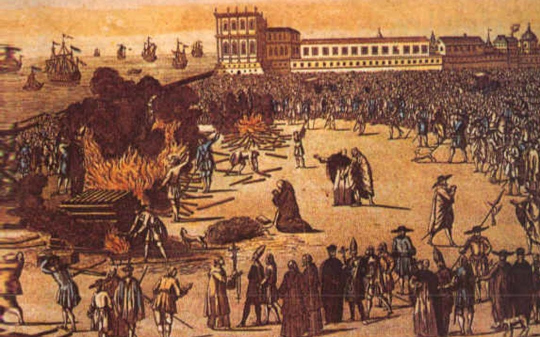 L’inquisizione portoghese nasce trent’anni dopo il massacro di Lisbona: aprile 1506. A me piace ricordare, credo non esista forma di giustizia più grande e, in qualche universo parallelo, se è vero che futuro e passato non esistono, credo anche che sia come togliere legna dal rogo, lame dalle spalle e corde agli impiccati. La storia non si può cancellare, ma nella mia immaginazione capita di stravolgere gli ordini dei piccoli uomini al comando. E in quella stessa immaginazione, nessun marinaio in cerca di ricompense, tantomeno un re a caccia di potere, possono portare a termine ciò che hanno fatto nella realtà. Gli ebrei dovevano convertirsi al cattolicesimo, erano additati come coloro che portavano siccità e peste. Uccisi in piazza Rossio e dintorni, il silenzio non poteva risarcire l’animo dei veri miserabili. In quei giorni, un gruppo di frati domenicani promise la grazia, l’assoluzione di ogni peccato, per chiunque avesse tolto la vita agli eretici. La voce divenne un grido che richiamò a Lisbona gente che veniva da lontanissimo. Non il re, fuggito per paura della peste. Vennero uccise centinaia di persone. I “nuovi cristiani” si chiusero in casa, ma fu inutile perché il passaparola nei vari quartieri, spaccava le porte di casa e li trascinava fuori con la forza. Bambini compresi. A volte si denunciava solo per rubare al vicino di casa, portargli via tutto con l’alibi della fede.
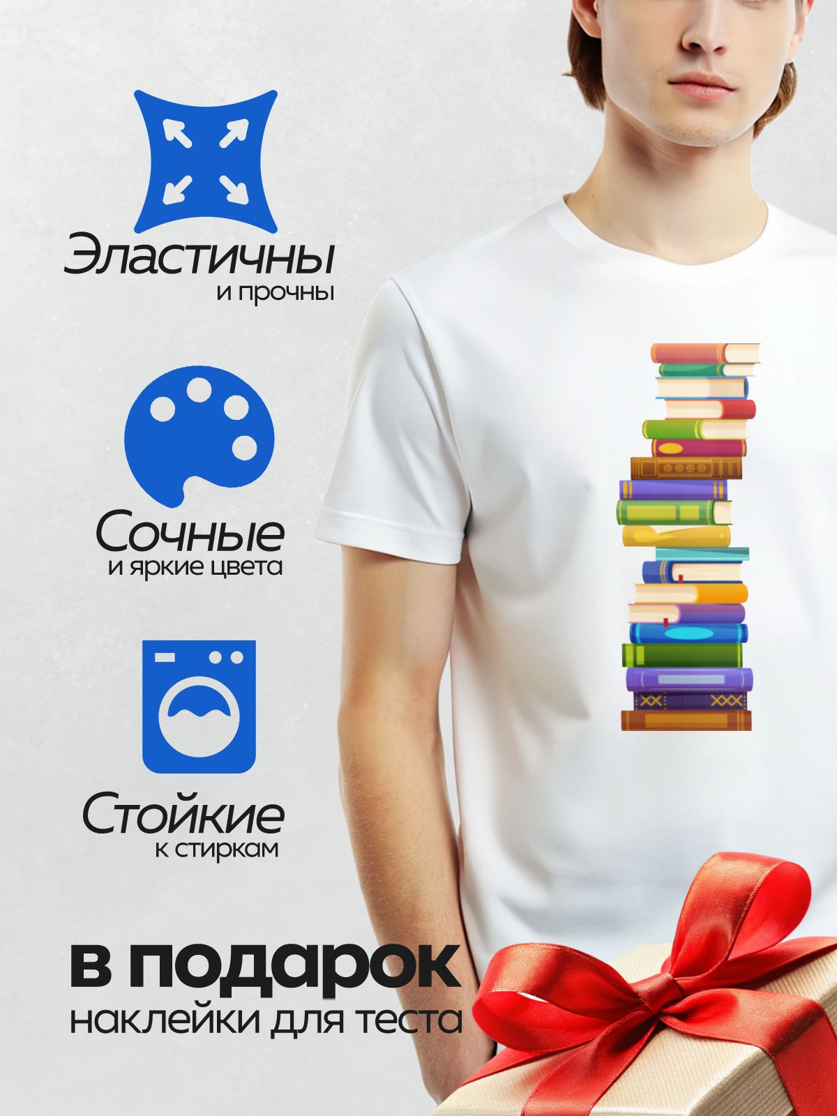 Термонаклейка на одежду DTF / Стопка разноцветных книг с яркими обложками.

------------------------------------------------------------------------

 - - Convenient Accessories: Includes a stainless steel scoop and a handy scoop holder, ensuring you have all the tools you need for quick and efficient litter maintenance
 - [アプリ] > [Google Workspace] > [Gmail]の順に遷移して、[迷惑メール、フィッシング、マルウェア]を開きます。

------------------------------------------------------------------------

■ **What needs to be done**
Extract the part of the records that opens with the line containing "L’inquisizione portoghese nasce" and closes with the line containing "Термонаклейка на одежду". Take only those lines, exactly, and no pictures.

■ **Exercise solution**
 L’inquisizione portoghese nasce trent’anni dopo il massacro di Lisbona: aprile 1506. A me piace ricordare, credo non esista forma di giustizia più grande e, in qualche universo parallelo, se è vero che futuro e passato non esistono, credo anche che sia come togliere legna dal rogo, lame dalle spalle e corde agli impiccati. La storia non si può cancellare, ma nella mia immaginazione capita di stravolgere gli ordini dei piccoli uomini al comando. E in quella stessa immaginazione, nessun marinaio in cerca di ricompense, tantomeno un re a caccia di potere, possono portare a termine ciò che hanno fatto nella realtà. Gli ebrei dovevano convertirsi al cattolicesimo, erano additati come coloro che portavano siccità e peste. Uccisi in piazza Rossio e dintorni, il silenzio non poteva risarcire l’animo dei veri miserabili. In quei giorni, un gruppo di frati domenicani promise la grazia, l’assoluzione di ogni peccato, per chiunque avesse tolto la vita agli eretici. La voce divenne un grido che richiamò a Lisbona gente che veniva da lontanissimo. Non il re, fuggito per paura della peste. Vennero uccise centinaia di persone. I “nuovi cristiani” si chiusero in casa, ma fu inutile perché il passaparola nei vari quartieri, spaccava le porte di casa e li trascinava fuori con la forza. Bambini compresi. A volte si denunciava solo per rubare al vicino di casa, portargli via tutto con l’alibi della fede.
 Термонаклейка на одежду DTF / Стопка разноцветных книг с яркими обложками.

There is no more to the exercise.